HeidelbergCement Said Choosing Bidders for $1 Billion Assetsby and
German company said to sell Italcementi’s Belgian, U.S. assets
Cimsa Cimento, Cementir among bidders for Belgian business
HeidelbergCement AG has made a preliminary selection among more than a dozen offers for $1 billion of assets owned by Italcementi SpA in Belgium and the U.S. that the German producer has to sell before completing the planned acquisition of its Italian competitor, said people familiar with the matter.

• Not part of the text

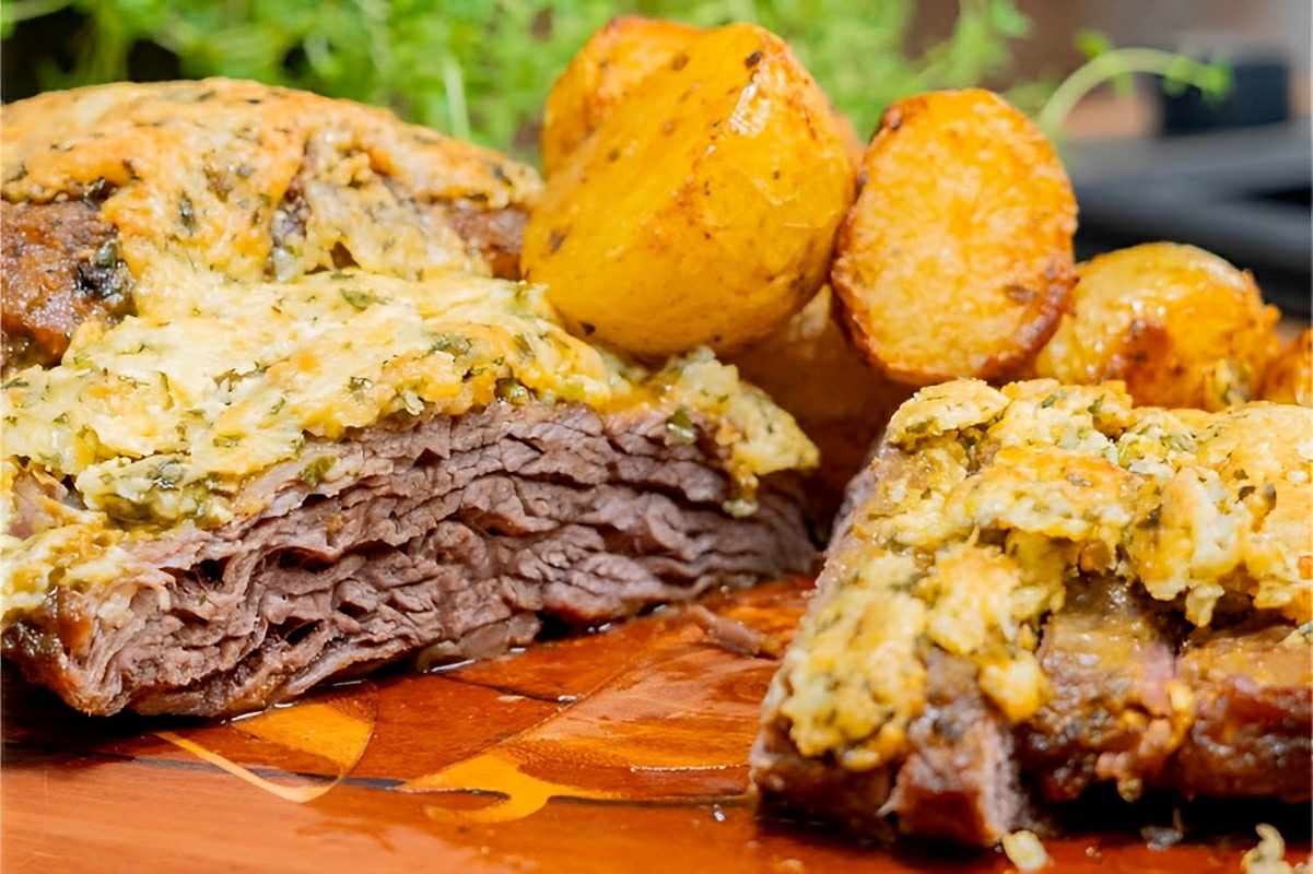 Primeiro passo é preparar uma pastinha de tempero, sal, manteiga, alho, páprica defumada, salsinha e pimenta do reino, mexa bem. Em seguida acomode a peça de fraldinha na assadeira, passe a pastinha de tempero bem passado pelos dois lados. Deixe descansando no mínimo por 3 horas para penetrar o sabor. Cubra com papel alumínio, coloque para assar em forno pré-aquecido a 200°C por 40 minutos. Após o tempo abra e adicione as batatas cortadas ao meio, deixar assando por mais 40 minutos, Faça uma farofinha com o queijo parmesão, manteiga e salsinha, retire a carne do forno e coloque a farofa por cima da fraldinha e espalhe bem, leve novamente para o forno por mais 15 minutos. Tudo pronto para servir essa deliciosa fraldinha assada. Confira o passo a passo e a lista de ingredientes.

Bidders chosen to do due diligence of Italcementi’s Belgian business include Cimsa Cimento Sanayi, owned by Turkey’s second-biggest group of companies Haci Omer Sabanci Holding, and Italy’s Cementir Holding SpA, said the people, who asked not to be named because the discussions are private. The unit could be valued around $400 million, said one of the people.
HeidelbergCement has also selected bids for the U.S. assets, which are valued at more than $600 million, said one of the people. Bidders getting through to the due diligence phase include Summit Materials Inc., a cement maker based in Denver, and CRH Plc of Ireland, one of the people said.
Spokespeople for HeidelbergCement, Sabanci, Cementir, CRH and Summit declined to comment.
Shares in Cimsa Cimento surged as much as 1.7 percent to 15.41 liras at 11:58 a.m. in Istanbul while its parent Sabanci Holding was trading 0.3 percent higher at 9.25 liras.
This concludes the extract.